If you are going to do ads, proceed with caution!

Ads are the easiest way to monetize any online space. No wonder everywhere we go online we are bombarded with advertisements and that many turn to online community as a safe refuge where they aren’t being monitored and their data isn’t being mined.

Therefore, be warned: if you are going to bombard members with ads, they might feel like your platform is turning into yet another Facebook or Instagram!

An alternative to indiscriminate online ads as a source of revenue is to get community sponsorships. Find companies that are relevant to your community and ask them to sponsor specific (and relevant) events, community spaces, groups or content. Find sponsors that add value to the community, instead of simply distract them.

If you are dead-set on adding ads to your platform, at least give members an ad-free paid subscription option.

Be transparent

Be transparent

The quickest way to alienate members and lose your community’s trust is to make members feel like they’ve been lied to, tricked or taken advantage of.

Be 100% transparent with fee structures, payment processes, invoicing and importantly: what a member actually gets for their purchase.
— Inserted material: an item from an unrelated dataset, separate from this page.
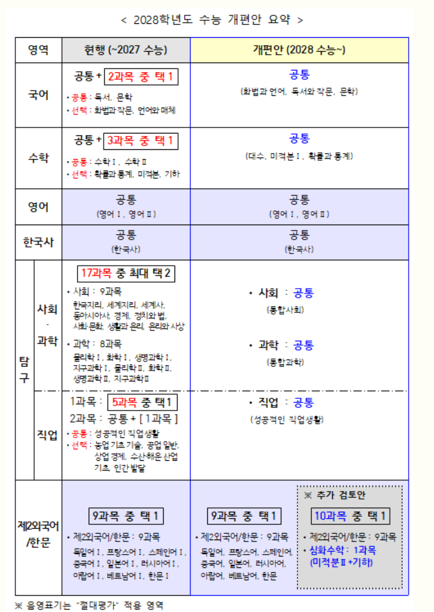 2027년 시행되는 2028학년도 수능부터 선택과목이 없어지고 국어, 수학, 사회, 과학탐구, 직업탐구 영역 모두 공통과목으로 바뀌게 됩니다.

Here are some basic DON’Ts:

  • Don’t make false claims to boost the perceived value of something.
  • Don’t include any small-print hidden costs in purchases (even if it is technically legal)
  • Don’t put your trust in unsecured payment systems (Open Social uses Stripe, one of the best systems available).
  • Don’t change fee structures or prices without notifying relevant members.
  • Don’t forget to send prompt invoices or receipts.
  • Don’t ignore complaints, concerns or refund requests.

Monetization payment process

Your members won’t mind paying to support your organization and their community as long as they feel that you are being honest and forthcoming.

Create value that outweighs cost

Create value that outweighs the cost

Even if you want to make a profit with community monetization, make sure to give members more than they’d expect for the price that they are paying.

When members can see that the value outweighs the cost, they will feel like the fees are more than justified and that you still place the focus on their interests (instead of simply on their wallets!).

Start creating more and better content once monetization rolls out. Members should feel that now that they are paying, the community is instantly improving!

Invest back into the community

Invest back into the community

To make members more than willing to pay to be part of the community, you should put their money to good use. Visibly investing back into the community with a portion of the profits will build real trust.

Here are some ideas for investing back into the community:

  • Get paid expert speakers to join online events
  • Hire a full-time or additional community manager
  • Create a community-based competition with prizes
  • Create more and better content
  • Upgrade your platform with new features or extensions
  • Support community projects with materials and resources

A community is built on trust, something that you can’t buy with money. Monetizing an online community (or any community for that matter) is therefore a delicate balancing act. But if done right, your members will understand and support your monetization strategy. Just remember: members should always feel that paying fees is about creating a better community, instead of simply making a profit for the organizers or organization.